神奈川近代文学館にて遠藤周作展を開催中です。


今回の企画テーマは「沈黙」だそうです。

なので、行く前に私も「沈黙」を読み直しました。
前に読んだのは随分と前だったと思います。(^_^.)
なので、そうかそうかと初めて読んだかのようでした。

「沈黙」はキリシタン禁制時代、ポルトガルの司祭が日本に潜入し、隠れていた信徒と出会い、別れ、その都度悩み苦しみ、最後には踏絵を踏むに至る物語。


311震災後、聖書を出してどこからともなく読み返したりしていたのだけれど、単純に「神様って怒るんだっけ?」


「沈黙」の中で、ロドリゴ司祭は弾圧される信徒を横に何度も神に助けを祈る。
が、神は沈黙したまま、救いは現れず、信徒も一緒に潜入した司祭までも死を迎えることになる。


そして、自分の信仰の為にこれ以上信徒への弾圧には耐えきれなくなったロドリゴは踏絵に足を載せることとなる。


司祭は足をあげた。足に鈍い思い痛みを感じた。それは形だけのことではなかった。自分は今、自分の生涯の中で最も人間の理想と夢にみたされたものを踏む。この足の痛み。その時、踏むがいいと銅版のあの人は司祭に向かっていった。
踏むがいい。お前の足の痛さをこの私が一番よく知っている。踏むがいい。私はお前たちに踏まれるため、この世に生まれ、お前たちの痛さを分かつため十字架を背負ったのだ。
こうして司祭が踏絵に足をかけた時、朝が来た。鶏が遠くで鳴いた。
「沈黙」遠藤周作著




なーんだ、やはり神はいないのだ。


信仰の厚いカトリック教徒だった遠藤さんも、結局は神は苦しみからは救ってくれないと言っているのか?

と思わせてしまうような終盤。



なのだが、やはり人間は弱い、それを知る神が使わしたのが、イエス・キリストであり、キリストはすべての罪を私が十字架に掛かって償ったのだから、いいのだよ。踏絵を踏んでもいいのだよ。あなたは信仰を裏切ってはいないよ。私はあなたの痛みをわかっているから大丈夫だよ。

神はいつも寄り添い、苦しみも嘆きも共に感じ、寄り添っている。


この「沈黙」で伝えていることは、「寄り添うこと」の大切さだという。


苦しみや悲しみ、試練がない世の中はないし、それをクリアして乗り越えていくことが生きることだともいう。
祈れば願いが叶うとか、今では○○すれば願いは次々と叶います!なんてお願いグッズもたくさんあるけれど、神様は願いをかなえてくるものではない。

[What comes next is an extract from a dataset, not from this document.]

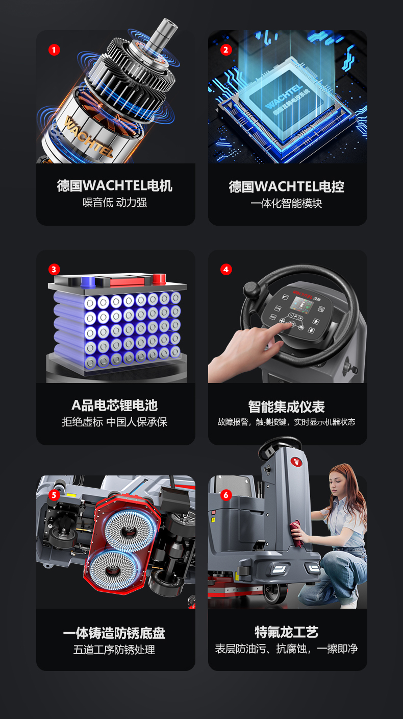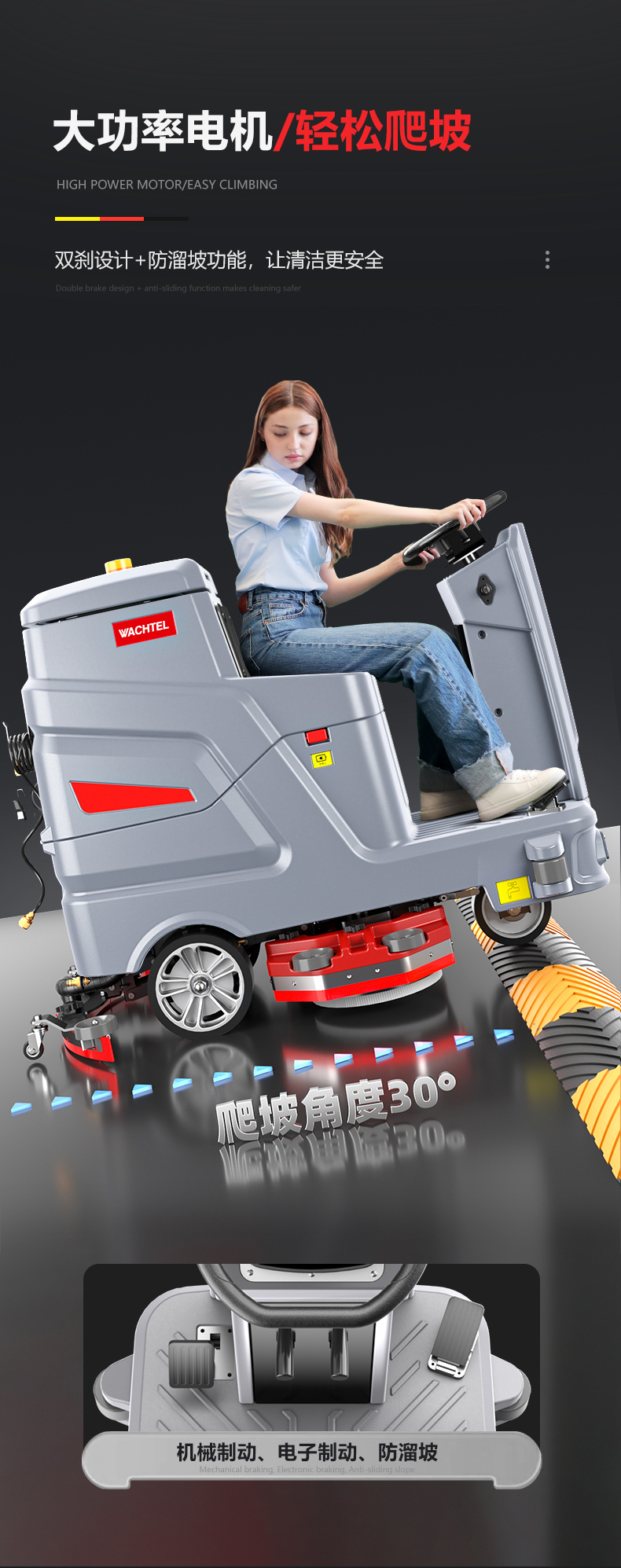 品牌:WACHTEL 名稱:小型駕駛式雙刷洗地機 型號: SX750 清掃寬度:750mm 清潔效率:4900m²/h 工作時間:3~4h 水箱容量:110L/120L(清/污) 電池:意大利OM鋰電 電機::德國瓦赫電機 整機重量:225kg 產品尺寸:1460*1000*1170mm 適用清潔場所: 商場 超市 車庫 車間 辦公樓等

寄り添ってくれる人のいることで救われることがきっと身近でもあるはず。
そして、寄り添ってくれる人に神の姿を感じることもきっとあるだろう。


孤独にパソコンや携帯とにらめっこになっていた時代に、隣の人に寄り添うことの大切さを今学んでいるような気がする。

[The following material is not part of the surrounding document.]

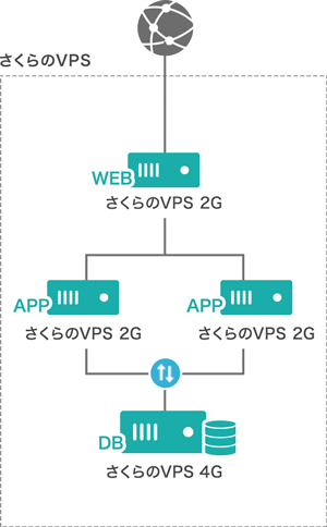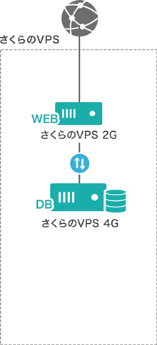 プランごとによる接続制限がないため、Webサーバーを「さくらのVPS 2G」、DBサーバーを「さくらのVPS SSD 4G」といった組み合わせが可能です。

幼稚園、教会学校、中高キリスト教教育、大学もキリスト教教育の環境で育った。熱心な信徒ではないけれど、神の存在は信じている。

人をみる仕事についてからはますます、神の存在なくしてこの精巧な生き物というのはなかっただろうな。
などと考えてしまう。

とはいえ、神はあり、それを伝える方法はさまざまで今ではキリスト教ひとつにしても様々な宗派というものがあり、それぞれ独自の解釈をしていたりするので、何が本物か?はよくわからない。

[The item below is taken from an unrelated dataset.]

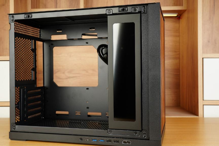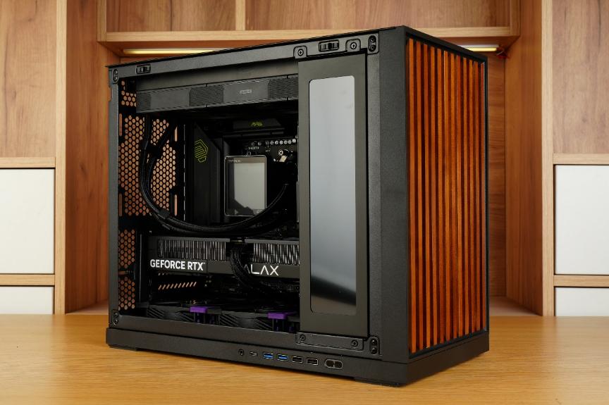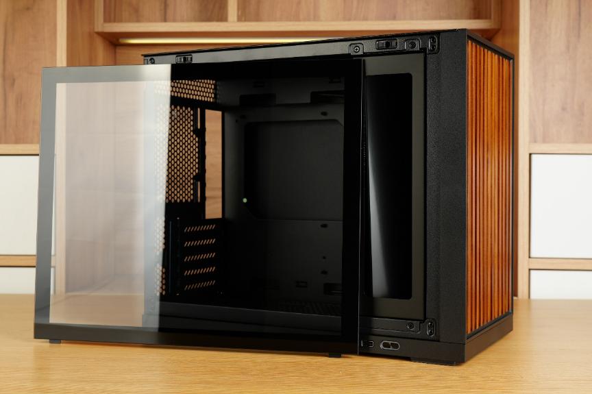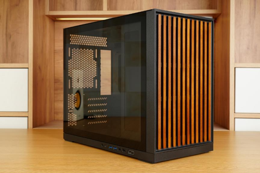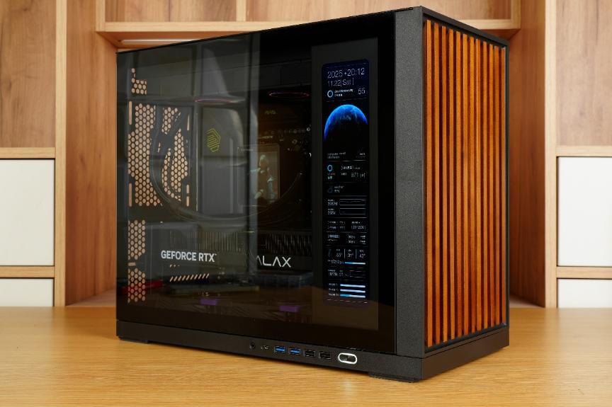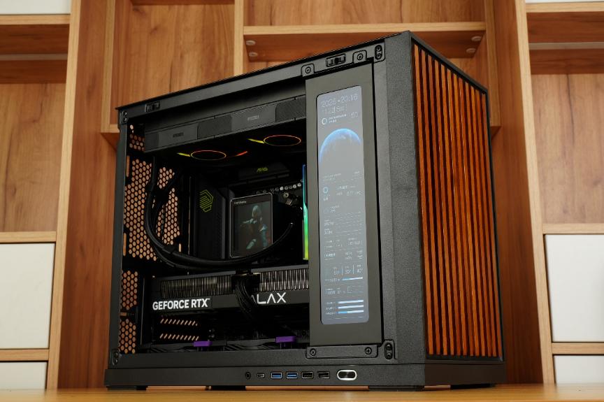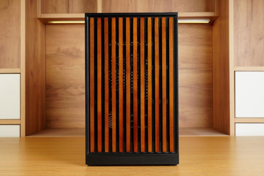 机箱选定闪鳞G600黑色副屏版,其实木格栅前面板很是亮眼——温润的木质肌理带着自然质感,刚好契合当下流行的家居实木风,摆在家中无需费心搭配,便能轻松融入各式装修风格,适配度拉满。

今回の展示会の中に、筆者は忘れてしまったが(^_^.)
どの宗教でも構わないでないか、先にあるのは神一人

というような文句が書かれていた。

その通りだな。と思う。


最近では仏教の教えを書いた本もぼちぼち読んでいて、生きることとか生きていることとかよくわからなくなったりするけれど、結局は自分に与えられたこの人生を「生かす」ことが今の自分に与えられたことなのではないかと感じている。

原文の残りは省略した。